▶ **Assignment**: Once you reach the line containing "المشهور لديهم (¬2)." in the entries below, write out that line and each one after it down to the line containing "Wood grain effect", exactly and with nothing added.

▶ **Supplied material**:

►

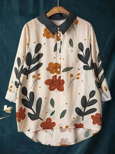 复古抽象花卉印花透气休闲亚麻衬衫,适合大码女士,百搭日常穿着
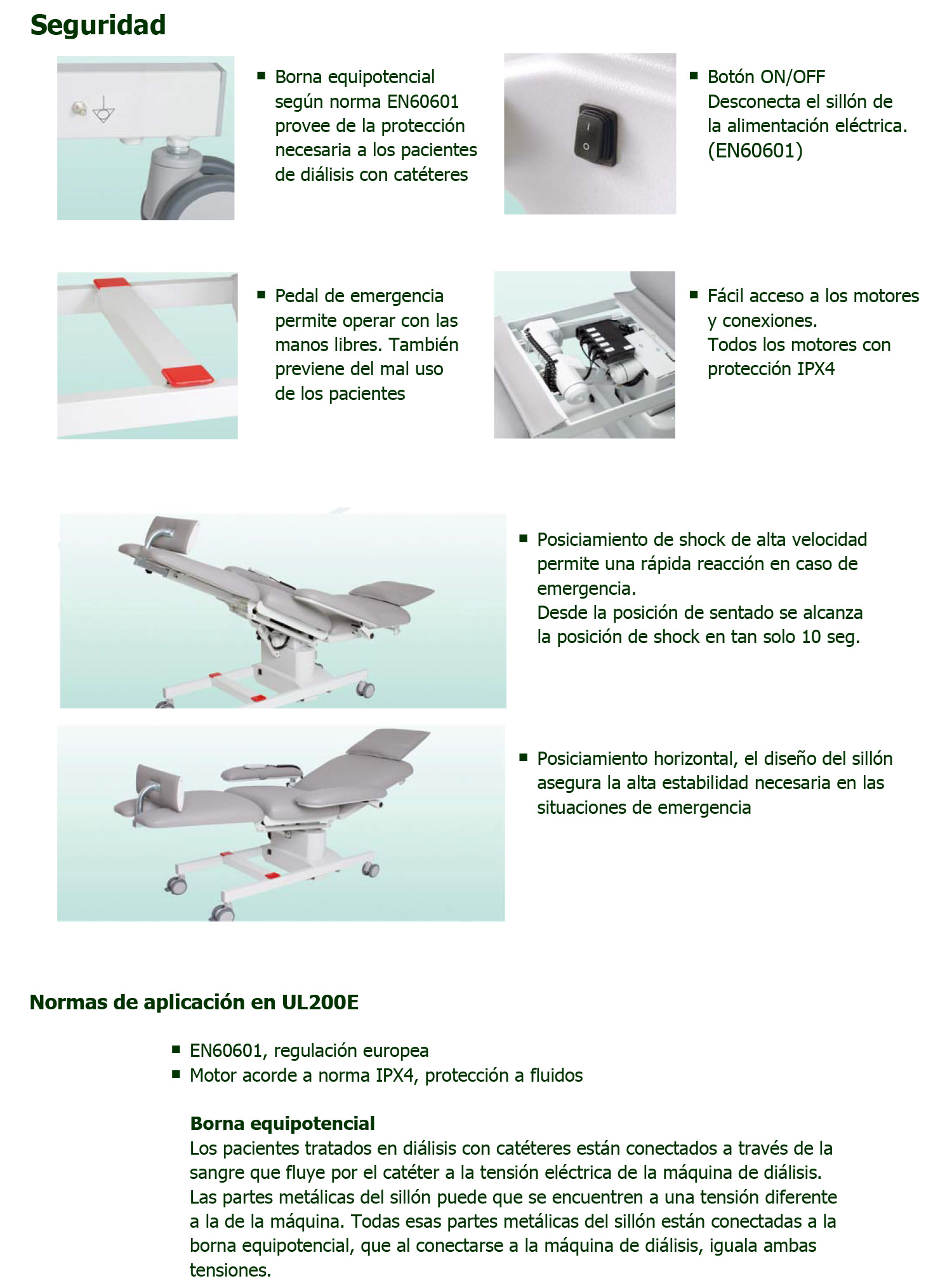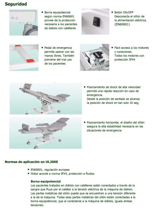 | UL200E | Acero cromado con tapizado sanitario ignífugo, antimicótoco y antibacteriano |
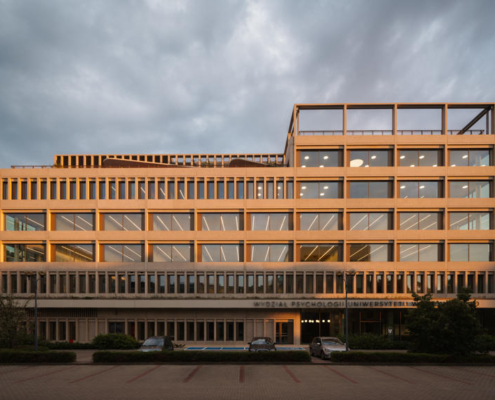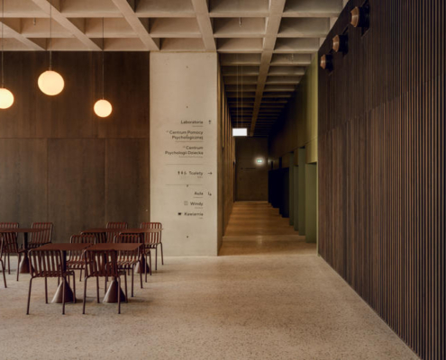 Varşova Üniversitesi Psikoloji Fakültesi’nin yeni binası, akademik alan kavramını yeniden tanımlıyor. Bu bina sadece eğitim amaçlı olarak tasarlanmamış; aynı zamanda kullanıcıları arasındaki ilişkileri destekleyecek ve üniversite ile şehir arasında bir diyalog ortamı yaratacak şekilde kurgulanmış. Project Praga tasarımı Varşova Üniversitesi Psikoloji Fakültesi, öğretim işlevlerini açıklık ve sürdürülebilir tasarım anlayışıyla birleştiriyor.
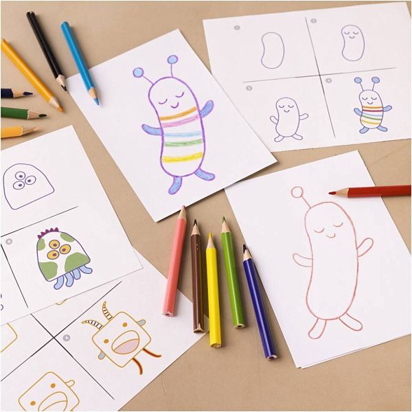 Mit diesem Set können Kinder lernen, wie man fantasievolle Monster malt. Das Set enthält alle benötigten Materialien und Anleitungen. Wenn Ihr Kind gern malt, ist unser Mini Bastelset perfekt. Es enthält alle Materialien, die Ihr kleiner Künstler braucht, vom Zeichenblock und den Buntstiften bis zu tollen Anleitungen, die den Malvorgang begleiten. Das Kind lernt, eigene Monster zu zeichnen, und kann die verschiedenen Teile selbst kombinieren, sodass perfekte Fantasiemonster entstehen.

◄
►

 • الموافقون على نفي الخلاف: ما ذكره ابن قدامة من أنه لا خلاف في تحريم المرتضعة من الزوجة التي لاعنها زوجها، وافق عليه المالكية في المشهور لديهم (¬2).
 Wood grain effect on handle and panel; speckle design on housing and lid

◄

▶ **Answer to this exercise**:
 • الموافقون على نفي الخلاف: ما ذكره ابن قدامة من أنه لا خلاف في تحريم المرتضعة من الزوجة التي لاعنها زوجها، وافق عليه المالكية في المشهور لديهم (¬2).
 Wood grain effect on handle and panel; speckle design on housing and lid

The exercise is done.